The second week of SICSS was geared towards group projects, and we also anticipated that participants would attend the optional SICSS Festival. We also invited participants to give flash talks on Monday of the second week (on their own work, or on their project ideas), and asked everyone to attend even if the presentation was optional. Despite our encouragement we only had one volunteer give a flash talk. Our volunteer did an excellent job and their presentation sparked a very fruitful discussion. We additionally had two required check-in meetings with groups through the week.
We asked participants to email us their group project ideas (and who was in their group) by Monday end of the day. Some emailed us, but others either emailed later in the week (and wanted to work alone), and others we followed up with did not reply. This was reflective of group projects in general – some groups (and some participants) were very enthusiastic about conducting a project (and wanted to continue collaborating beyond the second week), while others disengaged. We saw this in SICSS-2019 as well. In the future, we would like to think of more effective strategies to keep participants engaged in the second week and in projects in general. We would also be more explicit to potential applicants that the second week is focused on group projects. We explicitly encouraged group projects, but this year also let participants do their own projects if they strongly preferred to do so (which quite a few did, for varying reasons). We were concerned that participants would have a hard time forming groups, since this is already logistically difficult offline and even more so online. However, we were happy to observe that participants used slack, zoom, and other methods successfully and independently to form group projects. By the end of week, I think we had at least 4 groups of 2-4 people actively collaborating.
Unlike last year, we did not have required flash talks for group presentations at the end of the two weeks, since we felt this would be a lot more zoom time in a big group. Instead, we asked each group to schedule a check-in with an organizer on Wednesday afternoon and then again on Friday afternoon (with different organizers). These check-ins were times for the group to update the organizer on their idea, ask questions, get feedback and ideas. This went smoothly and we think that it helped keep momentum going the second week and provided a really useful time for participants to learn more informally. We would do this again in hindsight (even if not online).

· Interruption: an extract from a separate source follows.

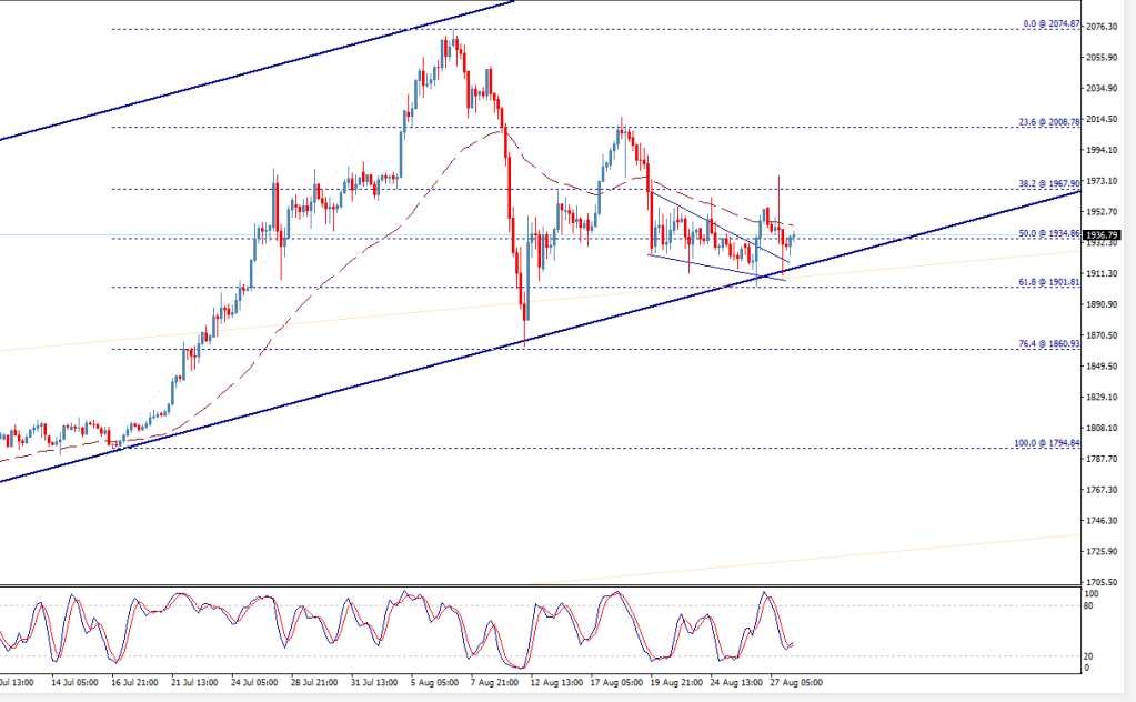 周五(8月28日)亚市盘中,现货黄金维持反弹走势,金价现报1942美元/盎司附近。

Some participants asked if we could informally meet as a big group again in a few weeks, when they had more progress on their projects and results to show others in SICSS-UCLA. We thought this was a great idea.

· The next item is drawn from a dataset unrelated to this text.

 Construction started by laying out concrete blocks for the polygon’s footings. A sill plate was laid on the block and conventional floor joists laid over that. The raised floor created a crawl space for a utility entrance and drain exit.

We were a bit unclear around using the Mturk funds, and so in turn participants were unclear about how they could use these. Specifically, in the future it would be useful if we were clear to participants (as early as possible) about available funds, ways to use Mturk, how to use it, and when they had to use the money. For example, one group wanted to apply for IRB approval first over the few weeks following SICSS and then run their experiment, so that they could publish a paper with it. At the same time, we think that having the opportunity to use Mturk funds is a fantastic and motivating opportunity for participants to carry out project.